Material provided →
* * *
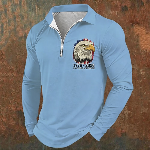 Amerikanischer Unabhängigkeitstag Herren Adler Polo Poloshirts Reißverschluss-Polo Langarm Polo-Shirts Viertelreißverschluss Sport Mode Lässig Täglich Outdoor Urlaub Halber Reißverschluss Druck
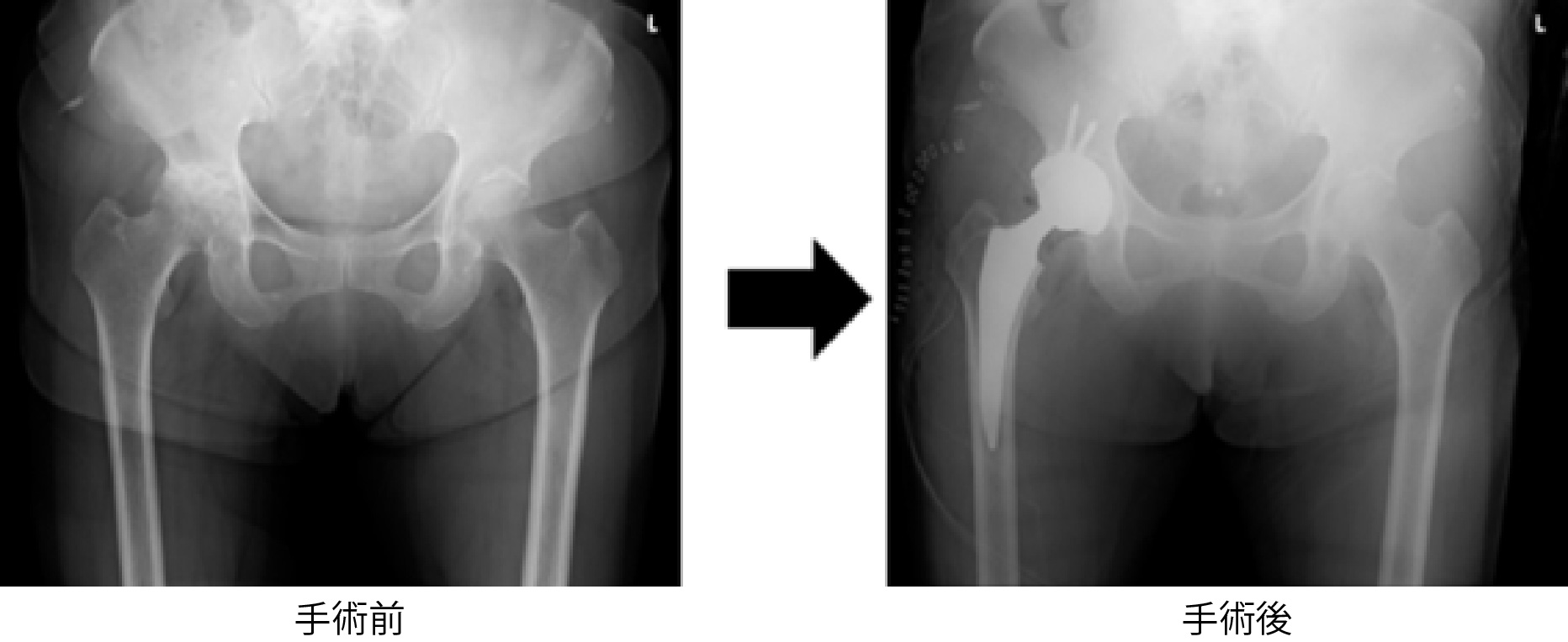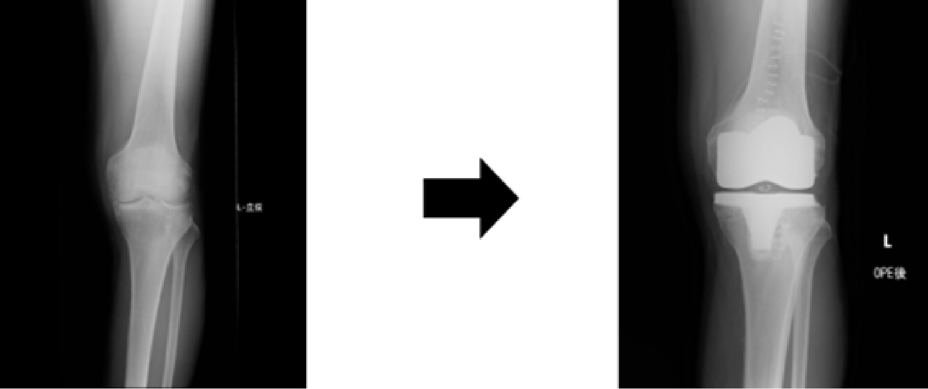 - 変形した関節を、金属やポリエチレンでできた人工関節に入れ替える手術です。
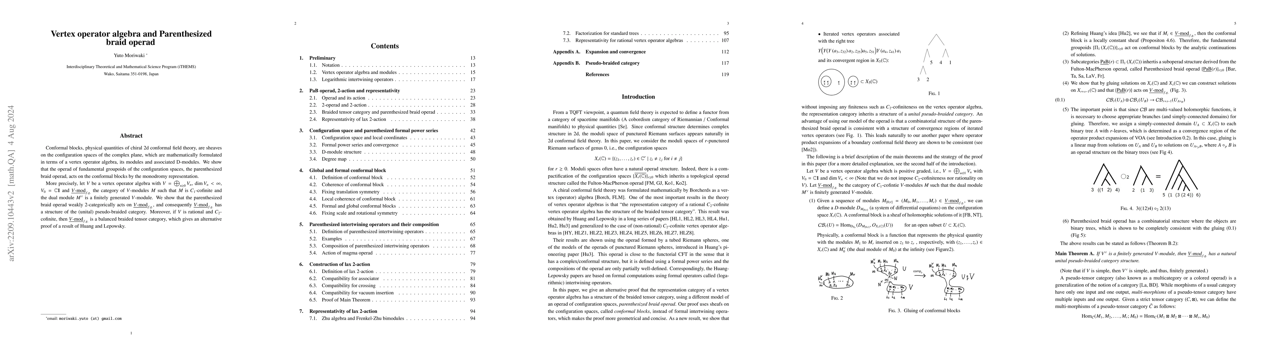 The colored parenthesized braid operad is a sequence of full subcategories of the fundamental groupoids of the configuration spaces of the complex plane, and a conformal block, a physical quantity of chiral two-dimensional conformal field theory, is a sheaf on the configuration space, which is mathematically formulated in terms of a vertex operator algebra and its modules. In this paper we show that the colored parenthesized braid operad acts weakly 2-categorically on a module category of a vertex operator algebra whose object is a module $M$ such that $M$ and $M^\vee$ are $C_1$-cofinite. If this action induces a 1-categorical action, then the module category inherits a balanced braided tensor category structure, which is shown for a rational $C_2$-cofinite vertex operator algebra. This gives an alternative proof of a result of Huang and Lepowsky.
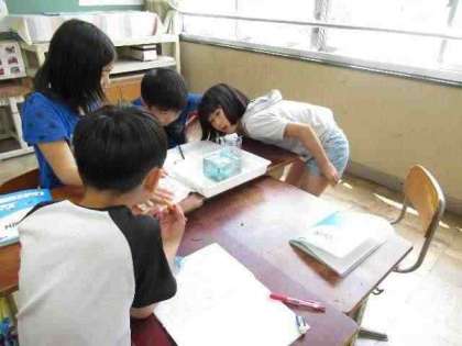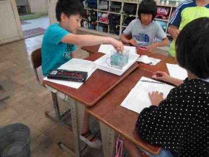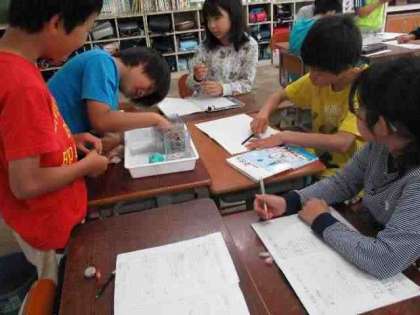 今日は,粘土のような形が整っていないものでも,水の中に沈めて,増えた「かさ」の分を体積に置き換えることで,粘土の体積が求められることを実際にやってみました。「1目盛り分のかさが増えたのは1dL分だから,粘土の体積は100㎤になるね。」と,確かめながら調べていました。単位を置き換えるのは難しかったのですが,粘土の体積でも調べることができるとわかって嬉しかった様子でした。
* * *
Work to be completed → Reproduce every line above exactly as written, omitting the images.

Output of the exercise →
 Amerikanischer Unabhängigkeitstag Herren Adler Polo Poloshirts Reißverschluss-Polo Langarm Polo-Shirts Viertelreißverschluss Sport Mode Lässig Täglich Outdoor Urlaub Halber Reißverschluss Druck
 - 変形した関節を、金属やポリエチレンでできた人工関節に入れ替える手術です。
 The colored parenthesized braid operad is a sequence of full subcategories of the fundamental groupoids of the configuration spaces of the complex plane, and a conformal block, a physical quantity of chiral two-dimensional conformal field theory, is a sheaf on the configuration space, which is mathematically formulated in terms of a vertex operator algebra and its modules. In this paper we show that the colored parenthesized braid operad acts weakly 2-categorically on a module category of a vertex operator algebra whose object is a module $M$ such that $M$ and $M^\vee$ are $C_1$-cofinite. If this action induces a 1-categorical action, then the module category inherits a balanced braided tensor category structure, which is shown for a rational $C_2$-cofinite vertex operator algebra. This gives an alternative proof of a result of Huang and Lepowsky.
 今日は,粘土のような形が整っていないものでも,水の中に沈めて,増えた「かさ」の分を体積に置き換えることで,粘土の体積が求められることを実際にやってみました。「1目盛り分のかさが増えたのは1dL分だから,粘土の体積は100㎤になるね。」と,確かめながら調べていました。単位を置き換えるのは難しかったのですが,粘土の体積でも調べることができるとわかって嬉しかった様子でした。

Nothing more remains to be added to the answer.